On this day in #F1: 25th October

Brought to you by TheJudge13 chronicler Carlo Carluccio.

– 1997: Three into One doesn’t fit!

The Formula One circus arrived in Jerez, Southern Spain, for the final race of the 1997 season, The European Grand Prix.

Michael Schumacher and Jacques Villeneuve were the main protagonists, with everybody else merely bit part players for the main show.


They had left Suzuka with the Williams driver a point ahead and arrived at a cool Spanish track with Villeneuve one point behind in the standings. Fear not, I shall explain.

In qualifying at Suzuka, Villeneuve passed waved yellow flags after Jos Verstappen’s Tyrrell came to a halt beside the track. Nine drivers ignored the instruction to slow down but Villeneuve had infringed this rule twice previously in the season. The FIA penalised him and he would have to start at the back of the grid.

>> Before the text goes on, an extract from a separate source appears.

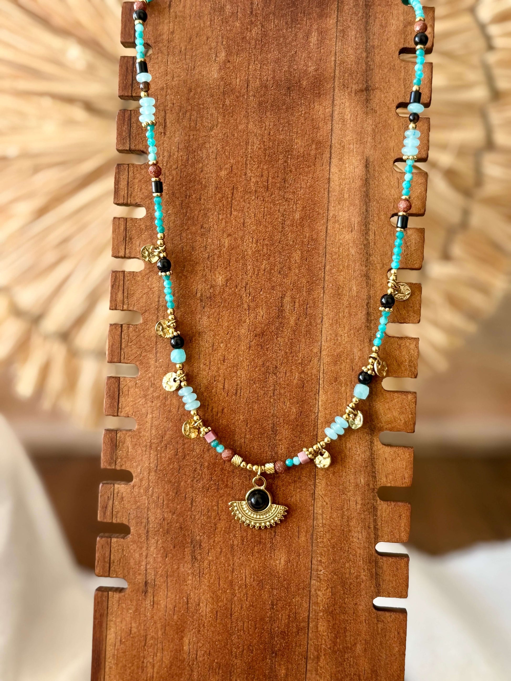 Destaque a sua personalidade com este colar de contas turquesa, realçado por um pendente de inspiração étnica. Cada detalhe combina cor, textura e autenticidade, criando um acessório único que transmite estilo e energia positiva.

Williams appealed the decision, and therefore he started from pole position with the intention of affecting Schumacher’s race. Villeneuve would eventually finish in fifth position with the Ferrari driver winning the race. It was these two points that he lost when the FIA Court of Appeal rejected his appeal and he was disqualified from the results.

There was no love lost between the two teams and their respective drivers. For this reason, at the season finale, tensions were running understandably high.

Early in qualifying Villeneuve set a time of 1m 21.072. Less than fifteen minutes later Schumacher stopped the timing beam at 1m 21.072 also. He had been faster on his first and second splits but lost a little time at the chicane where yellow flags were held out after his brother Ralf had spun off.

With ten minutes of the session to run Frentzen – Villeneuve’s team-mate – went out for his final run. He was quicker through the first two splits but got the car sideways at the chicane, losing him a little time. His final qualifying time was – 1m 21.072.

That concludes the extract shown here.